GIVEN INFORMATION

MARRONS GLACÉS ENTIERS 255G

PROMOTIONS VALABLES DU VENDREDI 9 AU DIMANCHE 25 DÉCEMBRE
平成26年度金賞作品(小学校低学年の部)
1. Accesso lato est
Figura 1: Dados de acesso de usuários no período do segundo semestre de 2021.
==
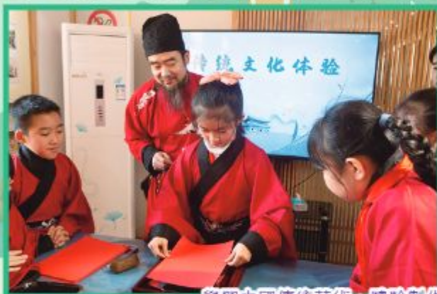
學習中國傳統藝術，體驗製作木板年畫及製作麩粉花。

BRIEF
Go to the line with "MARRONS GLACÉS ENTIERS 255G" in the entries above and repeat every line from there through the line with "Figura 1: Dados", exactly and with no other text.

WRITTEN RESPONSE
MARRONS GLACÉS ENTIERS 255G

PROMOTIONS VALABLES DU VENDREDI 9 AU DIMANCHE 25 DÉCEMBRE
平成26年度金賞作品(小学校低学年の部)
1. Accesso lato est
Figura 1: Dados de acesso de usuários no período do segundo semestre de 2021.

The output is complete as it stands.